## Work required
The stretch from the line with "C. C. Constantinescu" through the line with "Arms of Wills" in the records below: write it out exactly, and nothing else.

____ Records supplied

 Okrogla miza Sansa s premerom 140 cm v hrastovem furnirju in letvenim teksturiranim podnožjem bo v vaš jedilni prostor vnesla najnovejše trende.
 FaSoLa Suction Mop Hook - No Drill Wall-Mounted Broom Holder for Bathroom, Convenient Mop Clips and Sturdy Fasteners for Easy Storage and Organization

________
____ Records supplied

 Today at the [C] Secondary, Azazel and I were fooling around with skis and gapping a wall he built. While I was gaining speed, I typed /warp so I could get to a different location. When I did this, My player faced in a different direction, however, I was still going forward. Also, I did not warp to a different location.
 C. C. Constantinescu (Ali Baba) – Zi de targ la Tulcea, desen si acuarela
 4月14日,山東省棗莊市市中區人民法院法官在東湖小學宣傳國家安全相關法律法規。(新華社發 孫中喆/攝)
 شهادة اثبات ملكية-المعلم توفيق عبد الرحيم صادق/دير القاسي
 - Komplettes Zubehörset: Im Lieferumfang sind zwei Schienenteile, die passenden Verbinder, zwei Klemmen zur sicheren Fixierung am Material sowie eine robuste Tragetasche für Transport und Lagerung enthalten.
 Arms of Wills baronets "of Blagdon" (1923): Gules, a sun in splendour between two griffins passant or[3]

________

## Answer space
 C. C. Constantinescu (Ali Baba) – Zi de targ la Tulcea, desen si acuarela
 4月14日,山東省棗莊市市中區人民法院法官在東湖小學宣傳國家安全相關法律法規。(新華社發 孫中喆/攝)
 شهادة اثبات ملكية-المعلم توفيق عبد الرحيم صادق/دير القاسي
 - Komplettes Zubehörset: Im Lieferumfang sind zwei Schienenteile, die passenden Verbinder, zwei Klemmen zur sicheren Fixierung am Material sowie eine robuste Tragetasche für Transport und Lagerung enthalten.
 Arms of Wills baronets "of Blagdon" (1923): Gules, a sun in splendour between two griffins passant or[3]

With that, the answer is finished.